(WORK REQUEST)
The material below includes pictures; leave them out and return only the lines between the line containing "This study investigated" and the line containing "This bracelet comes", inclusive, word for word.

(MATERIALS PROVIDED)
= = =

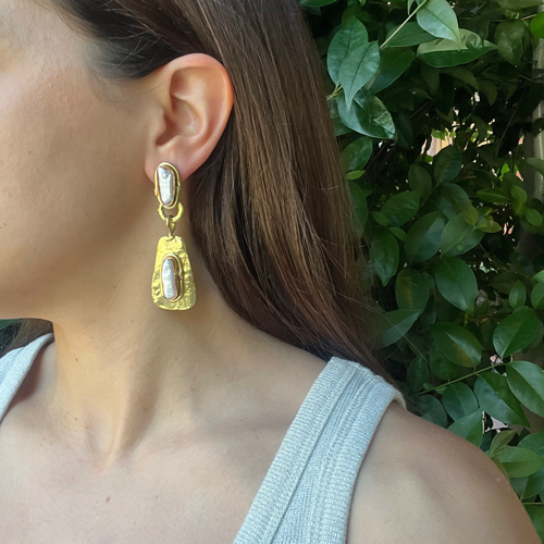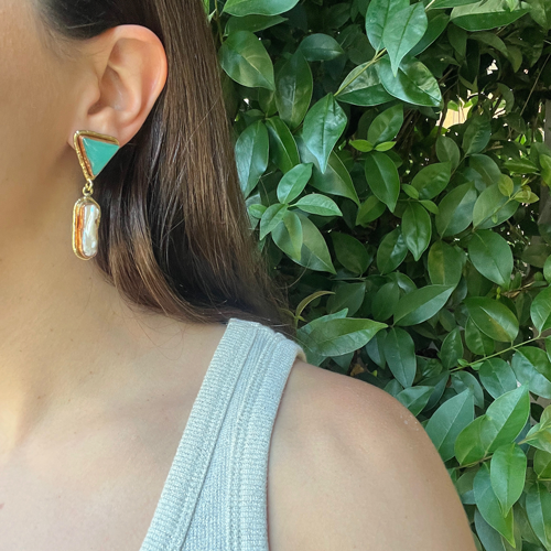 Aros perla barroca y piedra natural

= = =

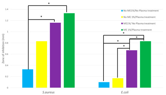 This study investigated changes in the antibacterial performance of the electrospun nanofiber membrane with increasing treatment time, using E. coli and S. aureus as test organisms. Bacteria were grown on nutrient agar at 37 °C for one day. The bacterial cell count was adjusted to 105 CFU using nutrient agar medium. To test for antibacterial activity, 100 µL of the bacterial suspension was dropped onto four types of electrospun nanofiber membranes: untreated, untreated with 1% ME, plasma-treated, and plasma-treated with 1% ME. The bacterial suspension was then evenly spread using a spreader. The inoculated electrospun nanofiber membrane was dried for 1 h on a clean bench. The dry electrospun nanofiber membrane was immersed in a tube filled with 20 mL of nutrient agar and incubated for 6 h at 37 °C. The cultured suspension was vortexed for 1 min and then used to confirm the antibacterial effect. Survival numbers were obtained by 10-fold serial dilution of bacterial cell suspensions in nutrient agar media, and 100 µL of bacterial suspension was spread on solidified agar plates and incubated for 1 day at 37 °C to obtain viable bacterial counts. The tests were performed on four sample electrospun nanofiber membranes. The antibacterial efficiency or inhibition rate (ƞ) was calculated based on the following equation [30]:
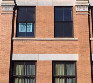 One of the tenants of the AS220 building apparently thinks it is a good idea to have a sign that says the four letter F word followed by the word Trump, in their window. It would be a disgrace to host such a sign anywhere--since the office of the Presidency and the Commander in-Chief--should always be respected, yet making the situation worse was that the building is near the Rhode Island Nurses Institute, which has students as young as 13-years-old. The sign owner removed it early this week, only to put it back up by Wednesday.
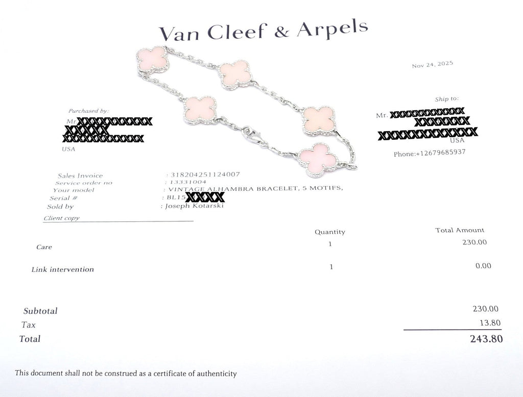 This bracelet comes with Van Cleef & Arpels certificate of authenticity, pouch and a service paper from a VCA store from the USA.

= = =

(COMPLETED EXERCISE)
 This study investigated changes in the antibacterial performance of the electrospun nanofiber membrane with increasing treatment time, using E. coli and S. aureus as test organisms. Bacteria were grown on nutrient agar at 37 °C for one day. The bacterial cell count was adjusted to 105 CFU using nutrient agar medium. To test for antibacterial activity, 100 µL of the bacterial suspension was dropped onto four types of electrospun nanofiber membranes: untreated, untreated with 1% ME, plasma-treated, and plasma-treated with 1% ME. The bacterial suspension was then evenly spread using a spreader. The inoculated electrospun nanofiber membrane was dried for 1 h on a clean bench. The dry electrospun nanofiber membrane was immersed in a tube filled with 20 mL of nutrient agar and incubated for 6 h at 37 °C. The cultured suspension was vortexed for 1 min and then used to confirm the antibacterial effect. Survival numbers were obtained by 10-fold serial dilution of bacterial cell suspensions in nutrient agar media, and 100 µL of bacterial suspension was spread on solidified agar plates and incubated for 1 day at 37 °C to obtain viable bacterial counts. The tests were performed on four sample electrospun nanofiber membranes. The antibacterial efficiency or inhibition rate (ƞ) was calculated based on the following equation [30]:
 One of the tenants of the AS220 building apparently thinks it is a good idea to have a sign that says the four letter F word followed by the word Trump, in their window. It would be a disgrace to host such a sign anywhere--since the office of the Presidency and the Commander in-Chief--should always be respected, yet making the situation worse was that the building is near the Rhode Island Nurses Institute, which has students as young as 13-years-old. The sign owner removed it early this week, only to put it back up by Wednesday.
 This bracelet comes with Van Cleef & Arpels certificate of authenticity, pouch and a service paper from a VCA store from the USA.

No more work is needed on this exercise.